- City: Oklahoma City, Oklahoma
- League: American Hockey Association
- Operated: 1933–1936
- Home arena: Oklahoma Coliseum
- Colors: red, blue

Franchise history
- 1933–1936: Oklahoma City Warriors
- 1936: Minneapolis Warriors

= Oklahoma City Warriors (ice hockey) =

The Oklahoma City Warriors were a professional ice hockey team. Based in Oklahoma City, they operated within the American Hockey Association for three seasons before folding due to financial difficulties.

==History==
In 1933, Noel Lyons purchased the rights to start a franchise in Oklahoma City from the American Hockey Association. The team debuted in November of that year, playing out of the second Oklahoma Coliseum (the first was destroyed by fire in 1930). The team was unsuccessful in its first season, losing nearly twice as many games as they won. The Warriors changed from a red and white color scheme to green and white for the start of the second season but the new look did not bring about any changes on the ice.

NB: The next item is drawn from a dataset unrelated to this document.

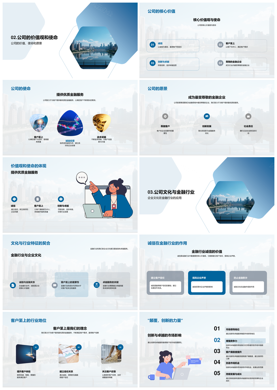 金融企业文化核心价值驱动摩天服务竞争力发展PPT模板推荐

Entering the team's third season, Lyon's sold the club to Harry E. Turner who would in turn transfer the club to Dutch Seebold during the year. That season saw the team finally produce a decent season but, in the midst of the Great Depression, the team was very short on cash. With seven games left on its schedule, Seebold sold the club to Pete Mitchell, the Warriors' player/coach. He moved the team to Minneapolis on March 12 but the change in locales was unable to save the franchise and the Warriors disbanded after the year.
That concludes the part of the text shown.